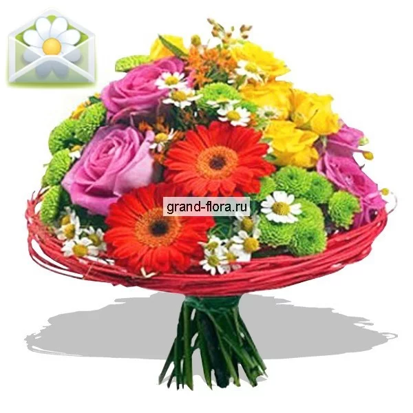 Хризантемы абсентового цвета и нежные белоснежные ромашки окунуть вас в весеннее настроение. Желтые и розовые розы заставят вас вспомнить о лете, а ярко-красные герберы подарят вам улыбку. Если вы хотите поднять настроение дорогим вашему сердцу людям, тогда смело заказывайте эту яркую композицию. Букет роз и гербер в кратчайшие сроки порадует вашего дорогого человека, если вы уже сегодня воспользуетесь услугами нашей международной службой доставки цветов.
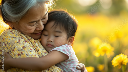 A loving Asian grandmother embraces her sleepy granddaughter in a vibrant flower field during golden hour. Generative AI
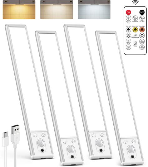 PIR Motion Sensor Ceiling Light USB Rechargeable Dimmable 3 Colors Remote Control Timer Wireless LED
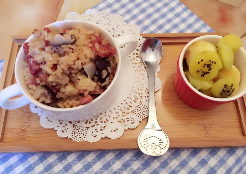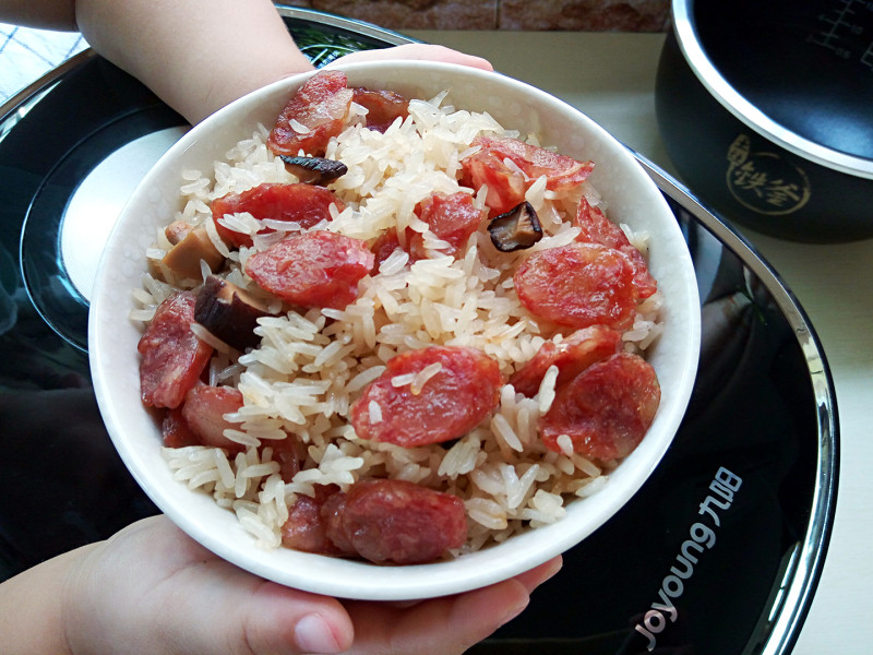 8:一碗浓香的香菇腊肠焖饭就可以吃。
...
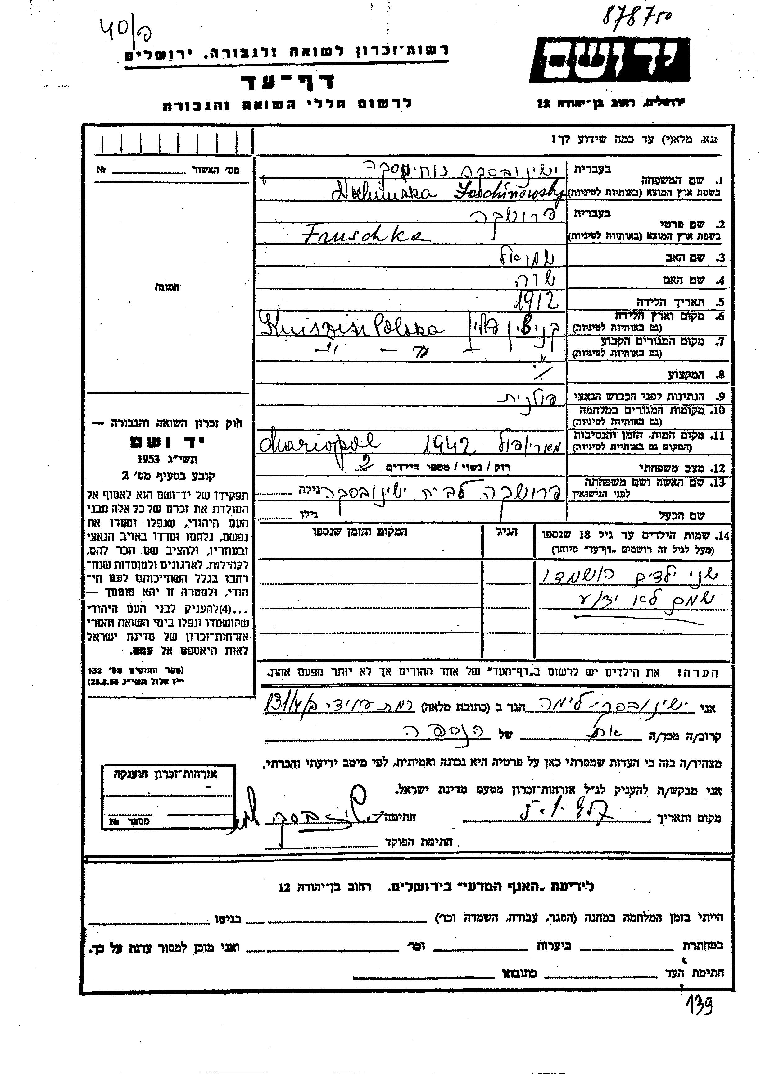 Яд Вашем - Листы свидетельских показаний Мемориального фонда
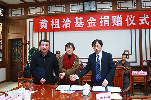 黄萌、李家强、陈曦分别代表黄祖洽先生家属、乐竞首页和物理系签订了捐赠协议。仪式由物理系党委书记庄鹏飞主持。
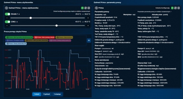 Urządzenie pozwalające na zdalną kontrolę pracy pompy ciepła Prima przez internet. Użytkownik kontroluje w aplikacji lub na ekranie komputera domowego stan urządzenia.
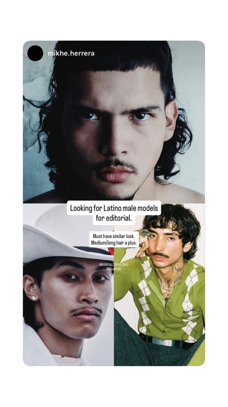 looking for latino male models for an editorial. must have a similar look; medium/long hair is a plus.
--
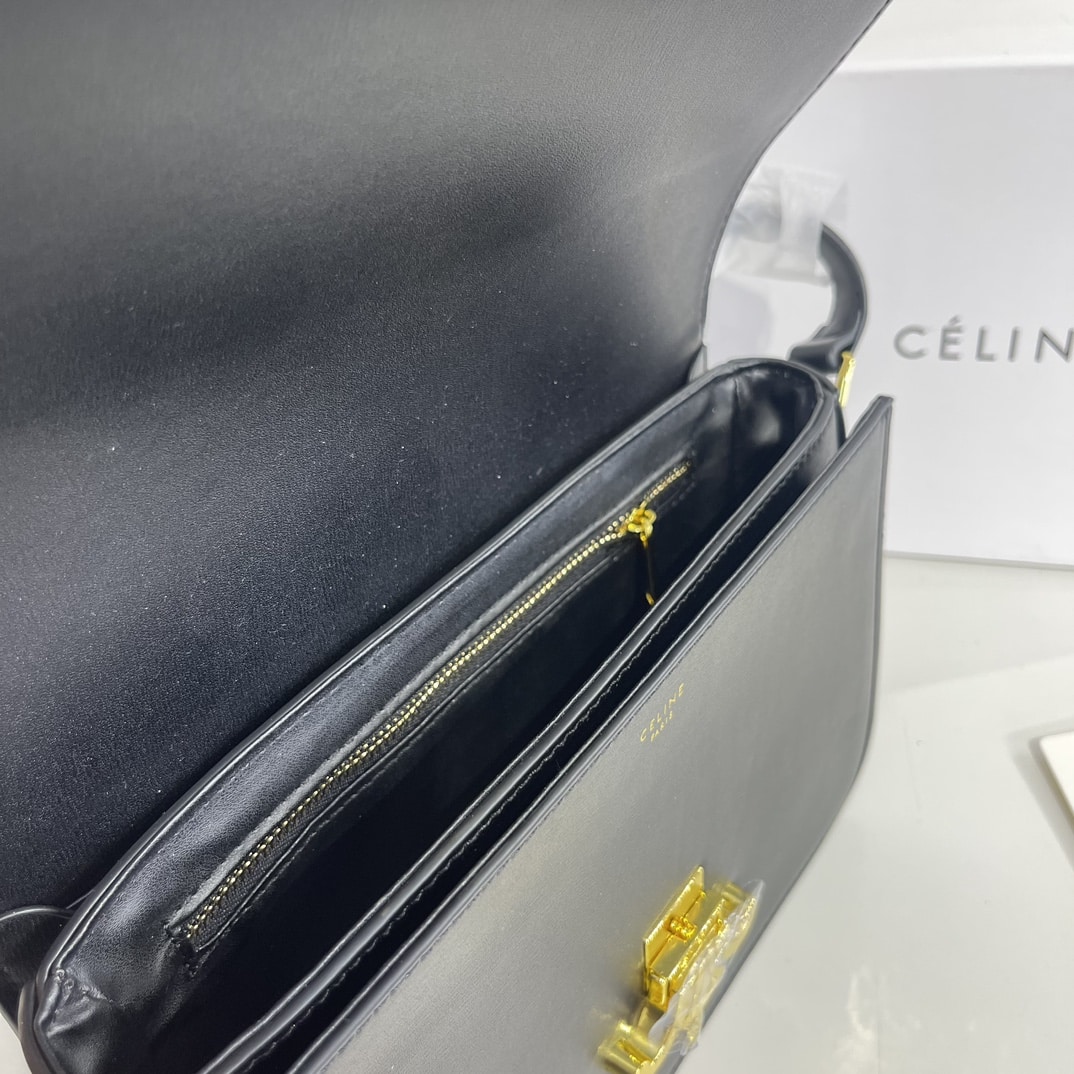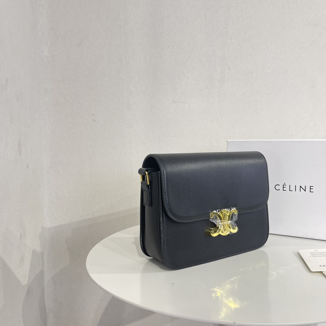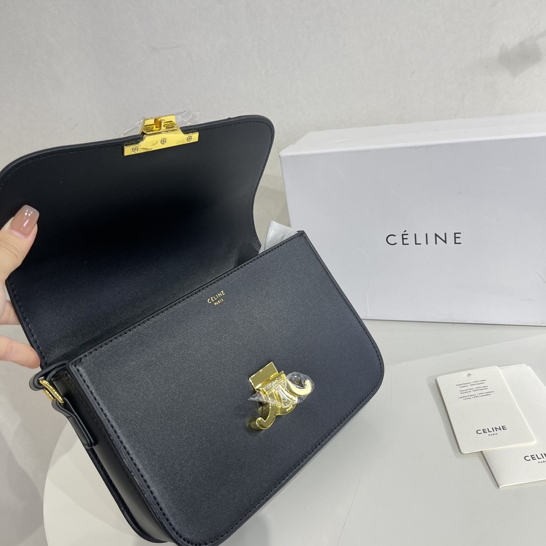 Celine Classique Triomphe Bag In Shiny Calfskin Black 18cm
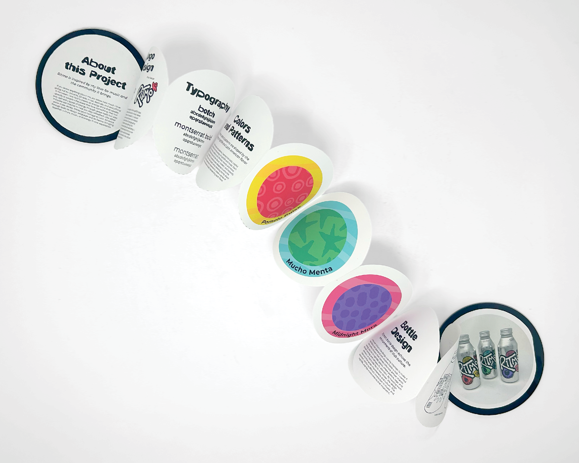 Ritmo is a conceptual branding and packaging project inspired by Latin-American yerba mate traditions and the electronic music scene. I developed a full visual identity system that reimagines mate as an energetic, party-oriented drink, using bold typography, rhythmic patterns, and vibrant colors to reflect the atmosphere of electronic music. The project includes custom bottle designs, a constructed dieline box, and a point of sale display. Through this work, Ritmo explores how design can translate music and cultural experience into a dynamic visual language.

WHAT THE TASK ASKS -
Although the records above contain pictures, the copy must not; set down exactly the lines from the one with "黄萌、李家强、陈曦分别代表黄" up to and including the one with "looking for latino".

SOLUTION FOR THIS EXERCISE -
 黄萌、李家强、陈曦分别代表黄祖洽先生家属、乐竞首页和物理系签订了捐赠协议。仪式由物理系党委书记庄鹏飞主持。
 Urządzenie pozwalające na zdalną kontrolę pracy pompy ciepła Prima przez internet. Użytkownik kontroluje w aplikacji lub na ekranie komputera domowego stan urządzenia.
 looking for latino male models for an editorial. must have a similar look; medium/long hair is a plus.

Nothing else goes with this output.